Brussels – Everything as planned. Six months after the new Artificial Intelligence Act was enacted, bans on practices considered prohibited in the EU have been activated. Member states have until August 2 to define the penalties for those not complying with these all-European bans. By the same date, governments must identify appropriate responsible authorities. From now on, manipulative techniques and, thus, subliminal practices through new technology will not be allowed. Likewise, artificial intelligence will not and must not exploit people’s young age or physical condition to disadvantage them. No abuse of minors or disabled people, therefore.
Moreover, new technologies will not be allowed to be used to create a “social scoring” system and thus classify people into “good” or “bad,” nor will it be allowed to use personal data or characteristics to profile individuals as potential criminals (a recommendation, the latter, aimed mainly at security and police forces). Then there is the ban on indiscriminately extracting images from the Internet to build databases for facial recognition, and for employers, a ban on using cameras or voice analysis systems to capture the emotional state of their employees.
Finally, the EU bans biometric recognition systems to infer political or sexual orientation. The last ban involves real-time facial recognition technologies in shopping streets and crowded places, although exceptions are allowed for public safety reasons.
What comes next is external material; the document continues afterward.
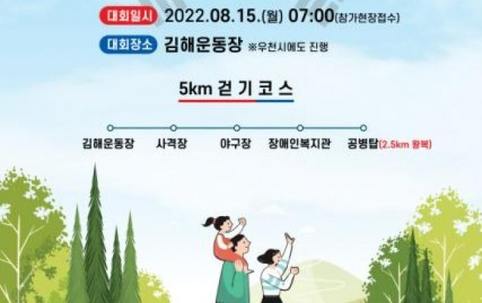 김해시 광복절 기념 숲속 둘레길 걷기대회김해시가 광복 77주년을 맞아 오는 15일 ‘8·15 광복절 기념 평화통일염원 숲속 둘레길 걷기대회’를 개최한다.김해운동장을 출발해 사격장, 삼계야구장, 장애인복지관을 경유해 공병탑을 반환점으로 되돌아오는 약 5㎞의 코스(왕복 9

The regulation on artificial intelligence provides for an emergency procedure that will allow law enforcement to use a high-risk artificial intelligence tool that has failed the evaluation procedure, which will have to dialogue with the specific mechanism on the protection of fundamental rights. There are also exemptions for using real-time remote biometric identification systems in publicly accessible spaces, subject to judicial authorization, and for strictly defined crimes. “Post-remote” use may only be used for the targeted search of a person convicted of or suspected of committing a serious crime, while real-time use “limited in time and location” for targeted searches of victims (kidnapping, trafficking, sexual exploitation), prevention of a “specific and current” terrorist threat, and for locating or identifying a person suspected of committing specific crimes (terrorism, human trafficking, sexual exploitation, murder, kidnapping, rape, armed robbery, participation in a criminal organization, environmental crimes).